» **EXERCISE DIRECTIONS**: Exclude pictures and give again exactly the lines of the listing, beginning with its first line and ending with the one that contains "Short description: In".

» **DATA SUPPLIED**:

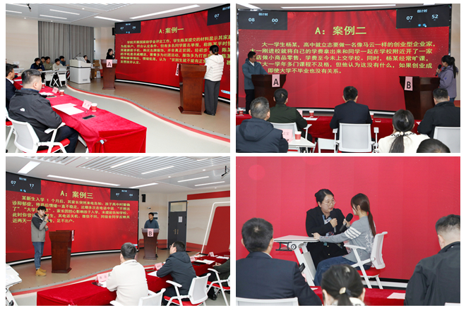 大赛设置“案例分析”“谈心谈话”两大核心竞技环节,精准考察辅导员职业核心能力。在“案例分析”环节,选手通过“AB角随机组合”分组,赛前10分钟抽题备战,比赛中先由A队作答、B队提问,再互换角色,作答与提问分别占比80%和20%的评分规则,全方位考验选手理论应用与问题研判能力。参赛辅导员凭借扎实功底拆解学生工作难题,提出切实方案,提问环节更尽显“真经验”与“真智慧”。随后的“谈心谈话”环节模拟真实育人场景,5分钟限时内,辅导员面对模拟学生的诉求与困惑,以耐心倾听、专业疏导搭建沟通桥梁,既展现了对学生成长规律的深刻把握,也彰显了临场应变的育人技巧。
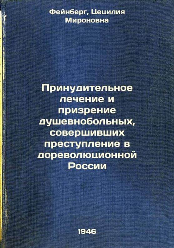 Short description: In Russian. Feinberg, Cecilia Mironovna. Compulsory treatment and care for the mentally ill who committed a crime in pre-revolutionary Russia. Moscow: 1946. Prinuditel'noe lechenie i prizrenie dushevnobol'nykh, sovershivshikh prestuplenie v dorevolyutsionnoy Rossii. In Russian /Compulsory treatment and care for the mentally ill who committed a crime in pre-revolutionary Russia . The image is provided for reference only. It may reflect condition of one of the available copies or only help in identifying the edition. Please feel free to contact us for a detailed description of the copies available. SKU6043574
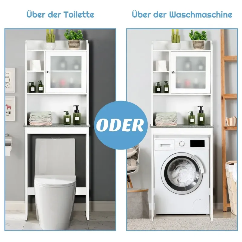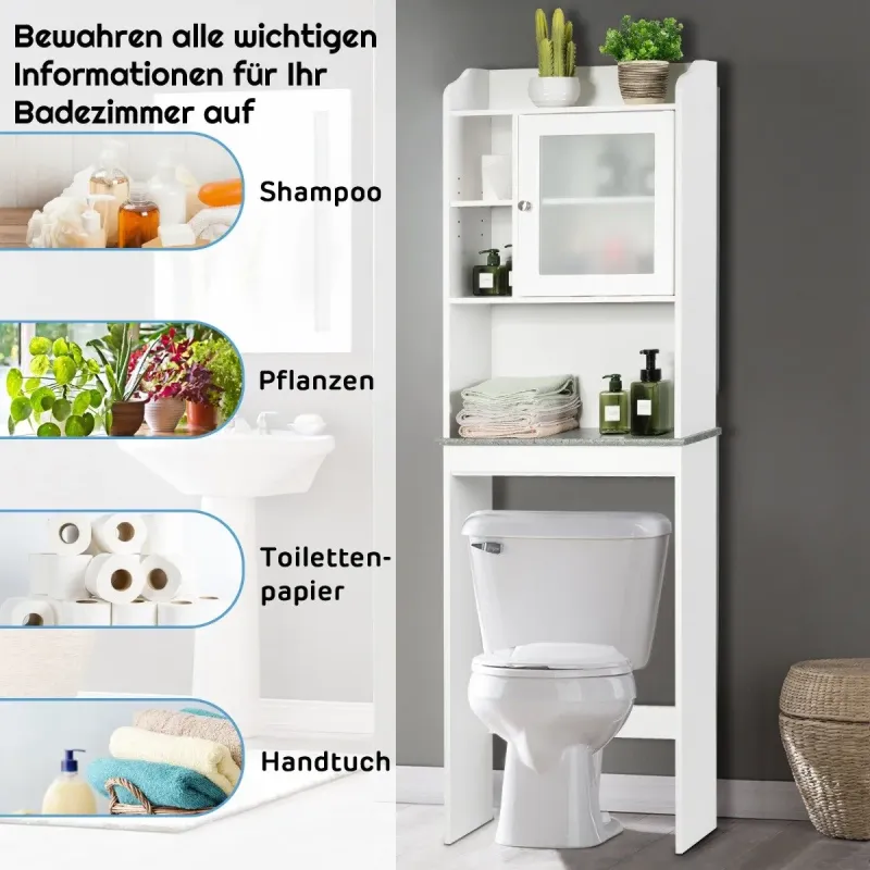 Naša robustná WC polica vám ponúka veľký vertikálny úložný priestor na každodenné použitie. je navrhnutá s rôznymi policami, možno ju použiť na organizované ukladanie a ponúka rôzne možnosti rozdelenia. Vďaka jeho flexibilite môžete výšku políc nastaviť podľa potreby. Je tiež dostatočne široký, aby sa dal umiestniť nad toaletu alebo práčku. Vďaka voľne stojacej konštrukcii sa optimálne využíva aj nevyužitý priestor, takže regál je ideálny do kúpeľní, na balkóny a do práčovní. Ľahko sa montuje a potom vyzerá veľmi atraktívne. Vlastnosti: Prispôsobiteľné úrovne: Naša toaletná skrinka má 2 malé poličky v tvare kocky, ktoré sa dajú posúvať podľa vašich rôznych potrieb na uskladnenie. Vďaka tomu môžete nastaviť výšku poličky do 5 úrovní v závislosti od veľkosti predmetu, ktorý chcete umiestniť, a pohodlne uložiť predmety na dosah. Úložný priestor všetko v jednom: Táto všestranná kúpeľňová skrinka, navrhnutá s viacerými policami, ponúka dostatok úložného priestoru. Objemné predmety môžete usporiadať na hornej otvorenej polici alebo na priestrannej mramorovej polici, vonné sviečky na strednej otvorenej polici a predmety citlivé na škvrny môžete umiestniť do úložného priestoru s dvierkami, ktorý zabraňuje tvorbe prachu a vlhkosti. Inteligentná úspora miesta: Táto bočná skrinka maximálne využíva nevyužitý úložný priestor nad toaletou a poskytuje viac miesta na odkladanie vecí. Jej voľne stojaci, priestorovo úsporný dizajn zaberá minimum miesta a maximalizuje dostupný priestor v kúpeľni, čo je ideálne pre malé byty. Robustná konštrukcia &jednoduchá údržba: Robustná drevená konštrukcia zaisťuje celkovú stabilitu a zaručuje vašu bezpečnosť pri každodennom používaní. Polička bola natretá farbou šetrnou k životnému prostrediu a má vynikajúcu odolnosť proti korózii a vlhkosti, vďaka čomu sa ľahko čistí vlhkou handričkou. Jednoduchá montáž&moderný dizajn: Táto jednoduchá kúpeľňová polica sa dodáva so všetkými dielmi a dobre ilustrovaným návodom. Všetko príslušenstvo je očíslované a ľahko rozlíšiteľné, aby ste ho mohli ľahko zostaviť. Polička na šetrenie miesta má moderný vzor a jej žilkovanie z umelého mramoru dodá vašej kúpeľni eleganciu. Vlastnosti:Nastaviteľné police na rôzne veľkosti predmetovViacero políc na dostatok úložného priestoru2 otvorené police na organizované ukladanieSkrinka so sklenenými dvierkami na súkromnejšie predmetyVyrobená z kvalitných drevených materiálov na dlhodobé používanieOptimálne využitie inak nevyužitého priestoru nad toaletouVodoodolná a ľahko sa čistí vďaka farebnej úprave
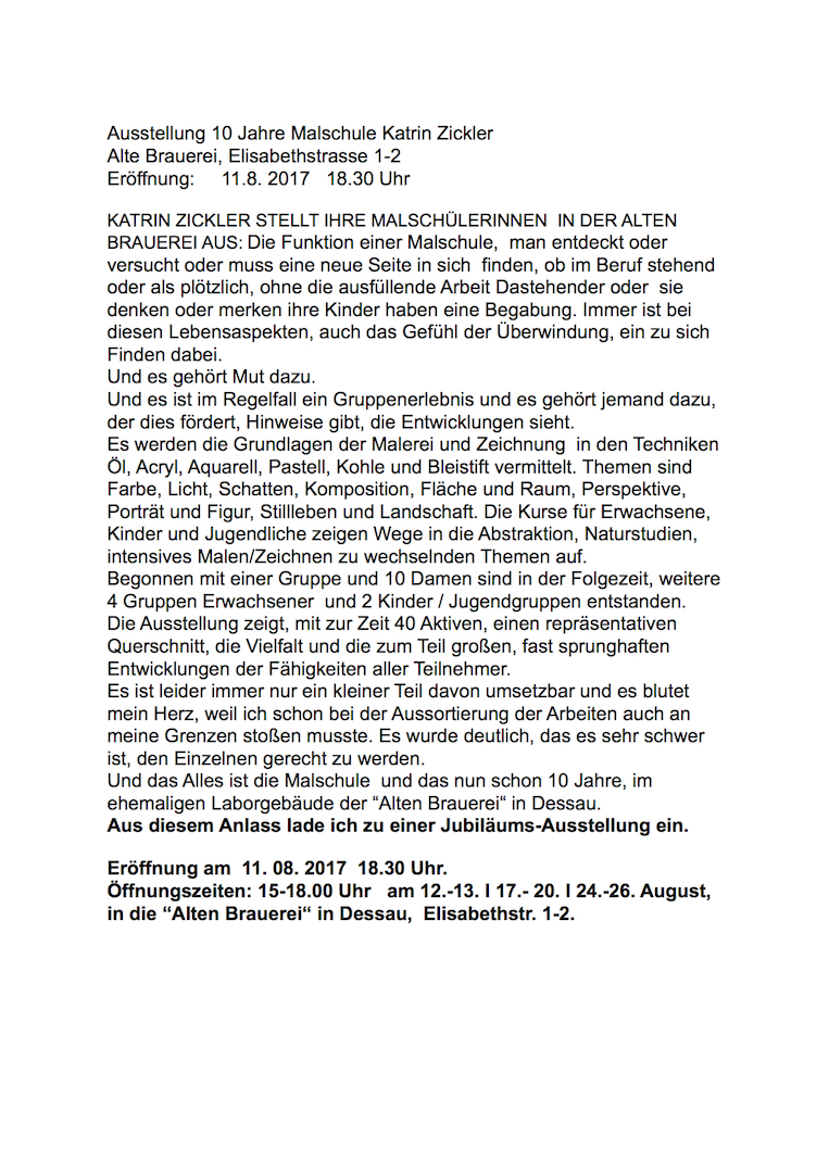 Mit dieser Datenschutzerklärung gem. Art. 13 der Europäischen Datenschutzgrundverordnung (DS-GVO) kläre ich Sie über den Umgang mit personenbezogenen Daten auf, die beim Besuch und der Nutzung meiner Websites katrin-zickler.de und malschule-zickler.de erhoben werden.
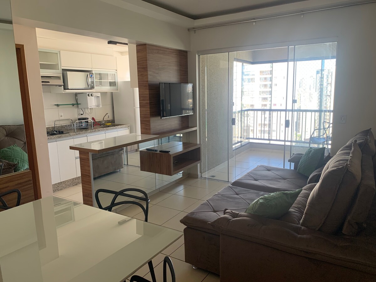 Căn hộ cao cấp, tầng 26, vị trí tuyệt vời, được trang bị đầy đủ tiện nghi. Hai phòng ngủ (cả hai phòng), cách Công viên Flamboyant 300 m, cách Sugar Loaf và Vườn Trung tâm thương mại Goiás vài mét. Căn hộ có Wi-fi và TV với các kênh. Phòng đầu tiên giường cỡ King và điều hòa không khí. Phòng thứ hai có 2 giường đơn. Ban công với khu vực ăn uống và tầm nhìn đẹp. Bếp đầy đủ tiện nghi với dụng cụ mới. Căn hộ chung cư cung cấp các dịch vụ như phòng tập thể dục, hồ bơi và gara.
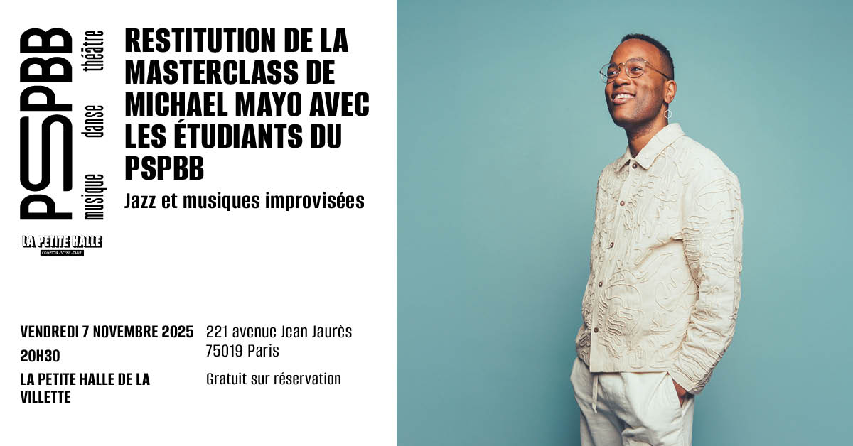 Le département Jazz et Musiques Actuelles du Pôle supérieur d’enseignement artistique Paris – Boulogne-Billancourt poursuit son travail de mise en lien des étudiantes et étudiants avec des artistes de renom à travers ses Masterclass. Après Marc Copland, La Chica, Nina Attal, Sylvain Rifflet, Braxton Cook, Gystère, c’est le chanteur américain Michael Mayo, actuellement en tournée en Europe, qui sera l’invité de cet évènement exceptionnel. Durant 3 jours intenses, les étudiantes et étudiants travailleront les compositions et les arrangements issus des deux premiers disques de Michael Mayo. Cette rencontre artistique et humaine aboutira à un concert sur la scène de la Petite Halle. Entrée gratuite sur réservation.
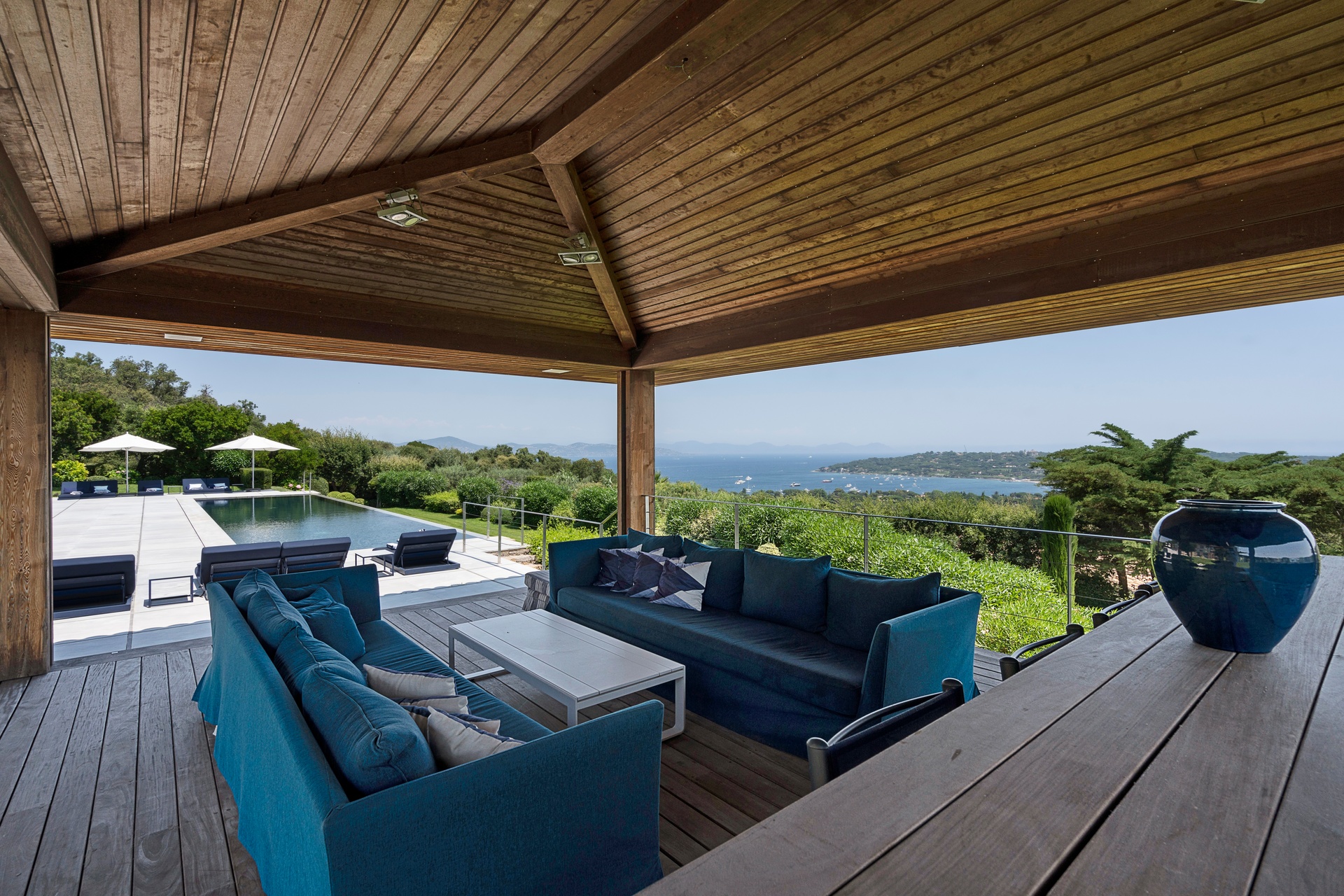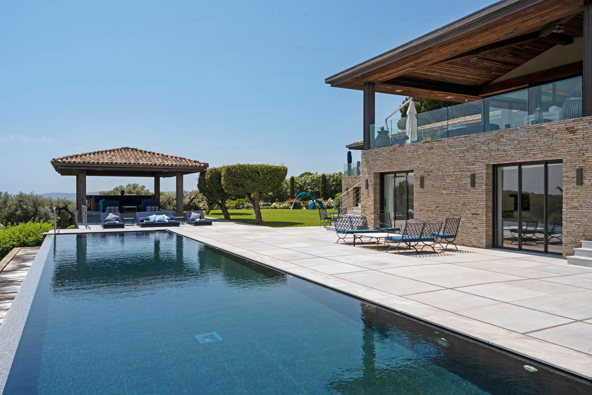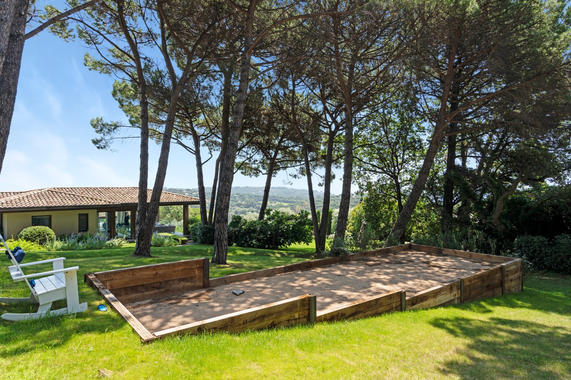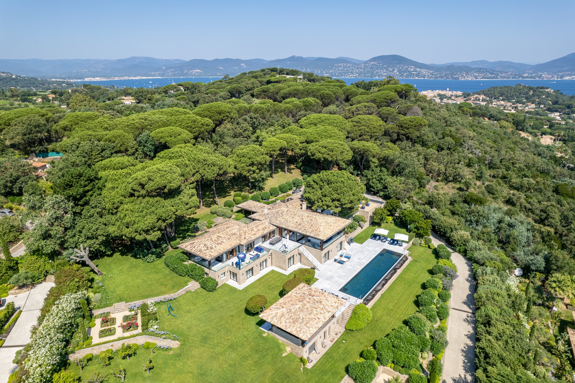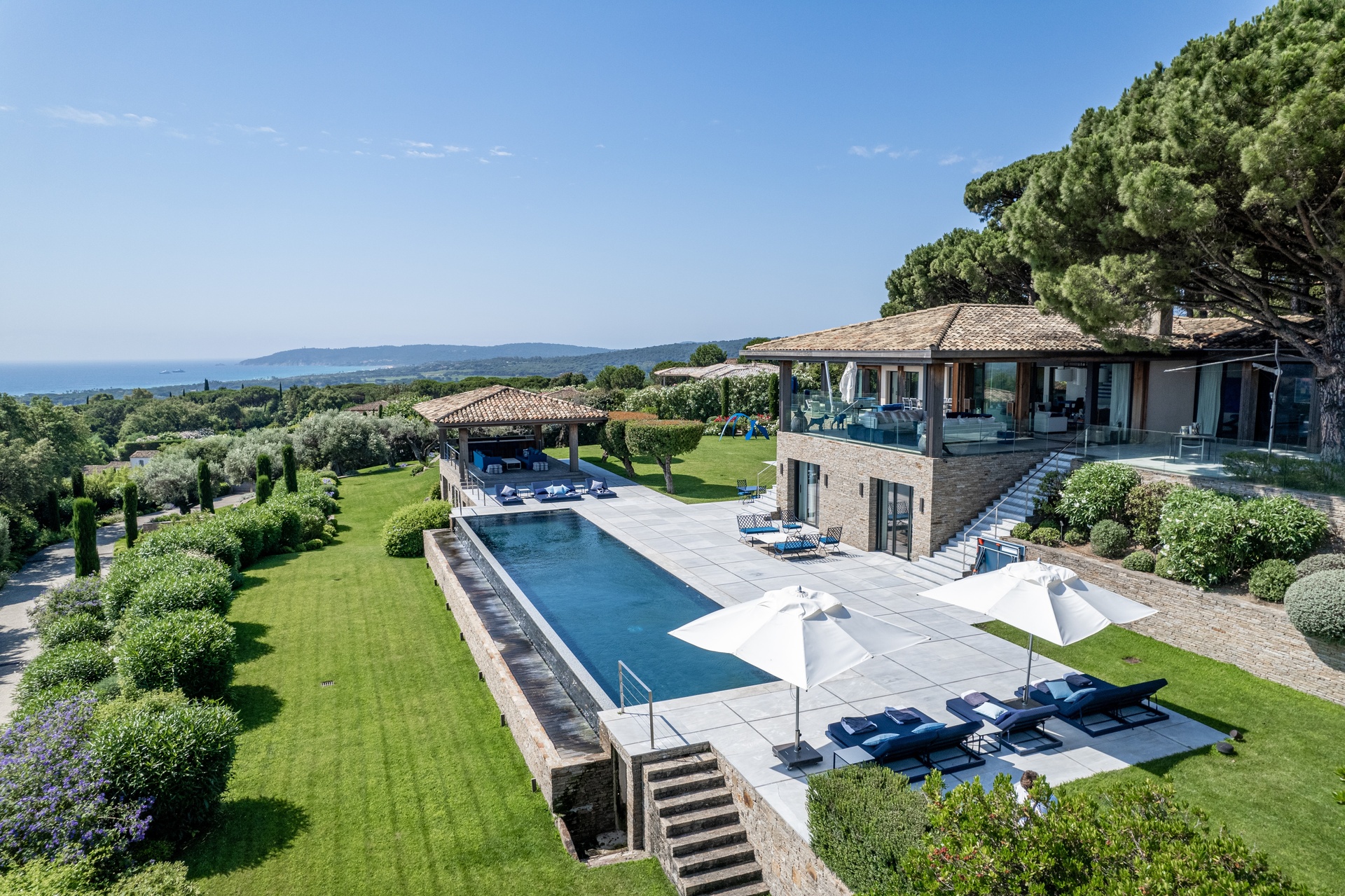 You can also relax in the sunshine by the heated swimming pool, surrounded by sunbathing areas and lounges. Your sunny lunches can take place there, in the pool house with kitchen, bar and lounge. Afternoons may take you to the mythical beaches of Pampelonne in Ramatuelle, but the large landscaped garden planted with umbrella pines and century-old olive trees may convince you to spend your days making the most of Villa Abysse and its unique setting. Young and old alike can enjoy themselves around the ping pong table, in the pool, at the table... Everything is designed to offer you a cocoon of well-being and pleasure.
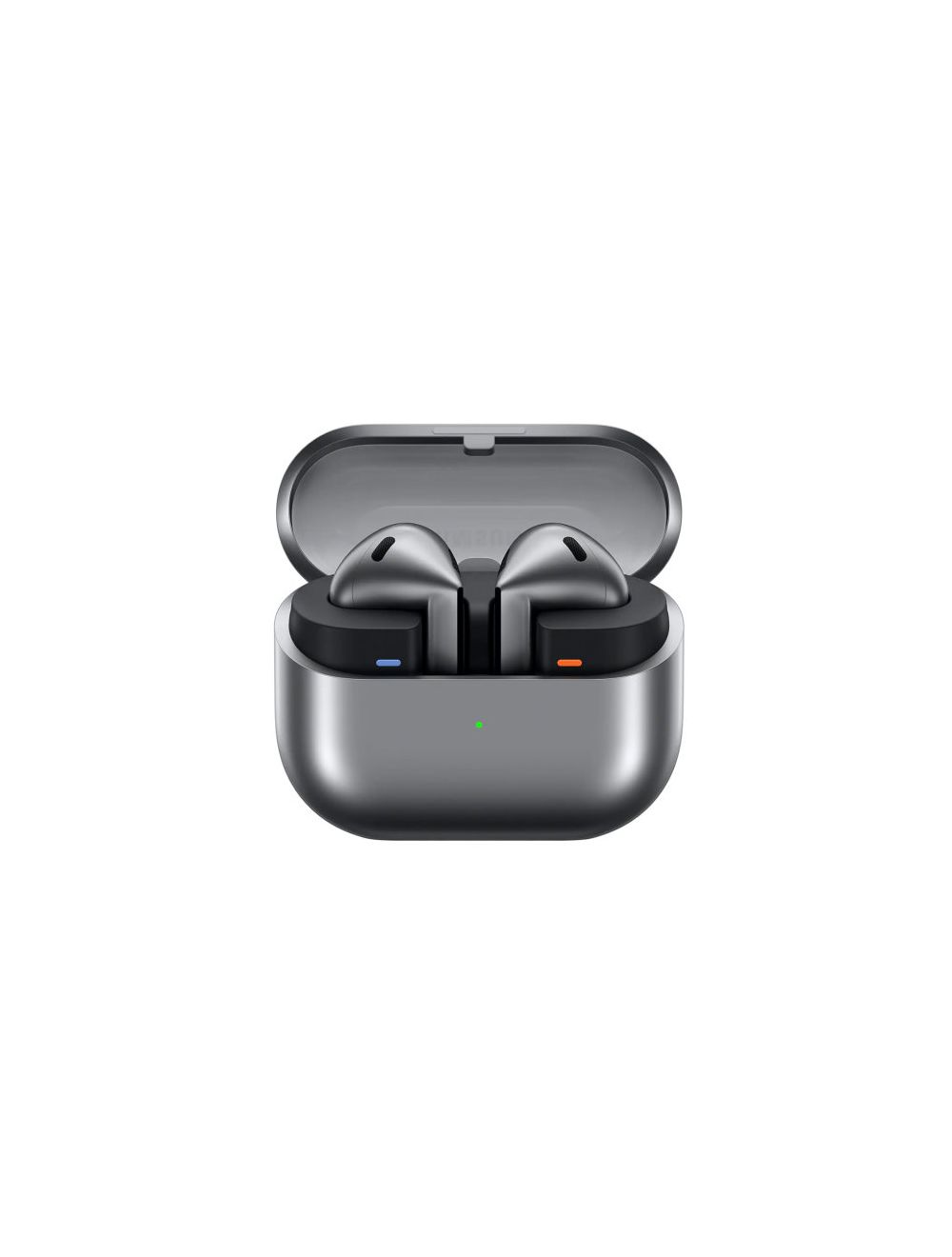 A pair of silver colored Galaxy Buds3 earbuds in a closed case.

» **RESULT OF THIS EXERCISE**:
 大赛设置“案例分析”“谈心谈话”两大核心竞技环节,精准考察辅导员职业核心能力。在“案例分析”环节,选手通过“AB角随机组合”分组,赛前10分钟抽题备战,比赛中先由A队作答、B队提问,再互换角色,作答与提问分别占比80%和20%的评分规则,全方位考验选手理论应用与问题研判能力。参赛辅导员凭借扎实功底拆解学生工作难题,提出切实方案,提问环节更尽显“真经验”与“真智慧”。随后的“谈心谈话”环节模拟真实育人场景,5分钟限时内,辅导员面对模拟学生的诉求与困惑,以耐心倾听、专业疏导搭建沟通桥梁,既展现了对学生成长规律的深刻把握,也彰显了临场应变的育人技巧。
 Short description: In Russian. Feinberg, Cecilia Mironovna. Compulsory treatment and care for the mentally ill who committed a crime in pre-revolutionary Russia. Moscow: 1946. Prinuditel'noe lechenie i prizrenie dushevnobol'nykh, sovershivshikh prestuplenie v dorevolyutsionnoy Rossii. In Russian /Compulsory treatment and care for the mentally ill who committed a crime in pre-revolutionary Russia . The image is provided for reference only. It may reflect condition of one of the available copies or only help in identifying the edition. Please feel free to contact us for a detailed description of the copies available. SKU6043574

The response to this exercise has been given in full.